Set hadoop system user for client embedded in Java webapp

Christoffer Soop picture Christoffer Soop · Jun 14, 2012 · Viewed 31.9k times · Source

I would like to submit MapReduce jobs from a java web application to a remote Hadoop cluster but am unable to specify which user the job should be submitted for. I would like to configure and use a system user which should be used for all MapReduce jobs.

Currently I am unable to specify any user and no matter what the hadoop job runs under the username of the currently logged in user of the client system. This causes an error with the message

Permission denied: user=alice, access=WRITE, inode="staging":hduser:supergroup:rwxr-xr-x

... where "alice" is the local, logged in user on the client machine.

I have tried

  1. various combinations of creating UserGroupInformation instances (both proxies and normal user) and
  2. setting the Java System property with -Duser.name=hduser, changing the USER envar and as a hard coded System.setProperty("user.name", "hduser") call.

... to no avail. Regarding 1) I admit to having no clue on how these classes are supposed to be used. Also please note that changing the Java System property is obviously not a real solution for use in the web application.

Does any body know how you specify which user Hadoop uses to connect to a remote system?
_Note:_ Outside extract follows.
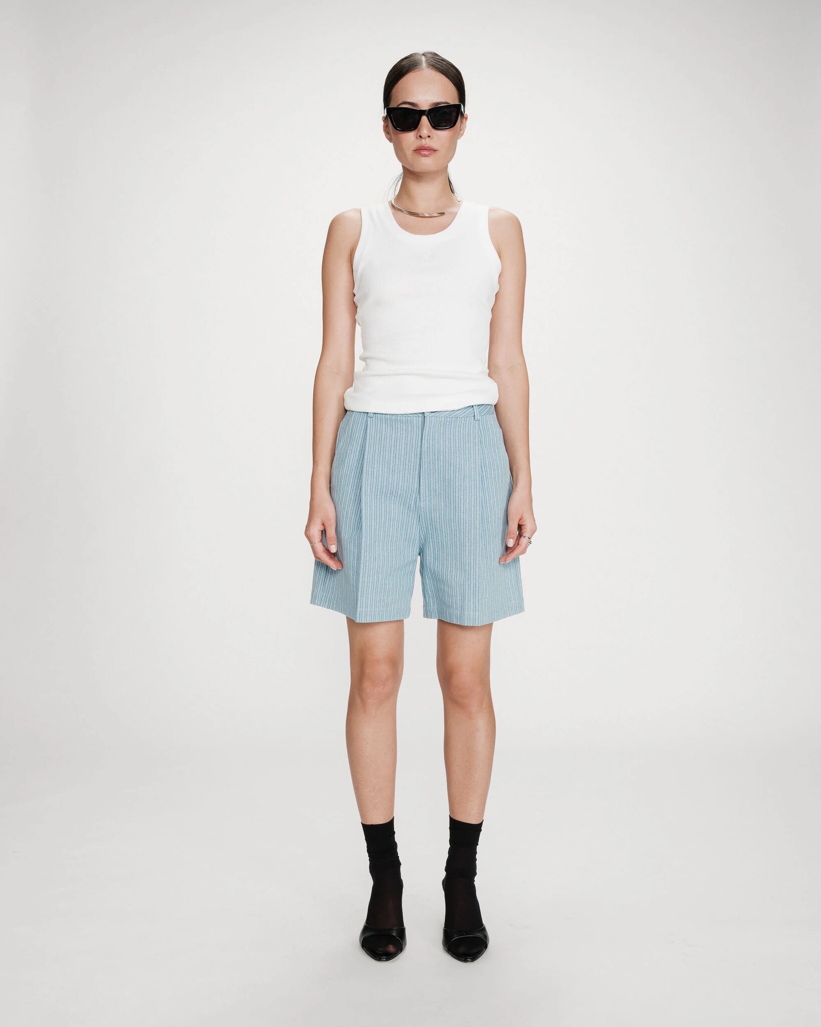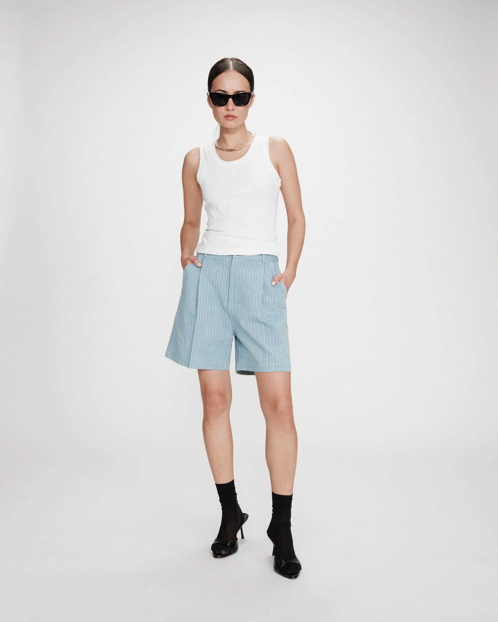 100% katoenen gestreepte denim. De wijde snit en hoge taille zorgen voor een modern, gestructureerd silhouet, terwijl de plooien aan de voorkant een vleugje elegantie toevoegen. Italiaanse zakken aan de voorkant en een ritssluiting met knoop.

PS/ Hadoop is using the default configuration meaning that no authentication is used when connecting to the cluster and that Kerberos is not used in communicating with the remote machines.

Answer

Christoffer Soop picture Christoffer Soop · Jun 16, 2012

Finally I stumbled on the constant

static final String HADOOP_USER_NAME = "HADOOP_USER_NAME";`

in the UserGroupInformation class.

Setting this either as an environment variable, as a Java system property on startup (using -D) or programmatically with System.setProperty("HADOOP_USER_NAME", "hduser"); makes Hadoop use whatever username you want for connecting to the remote Hadoop cluster.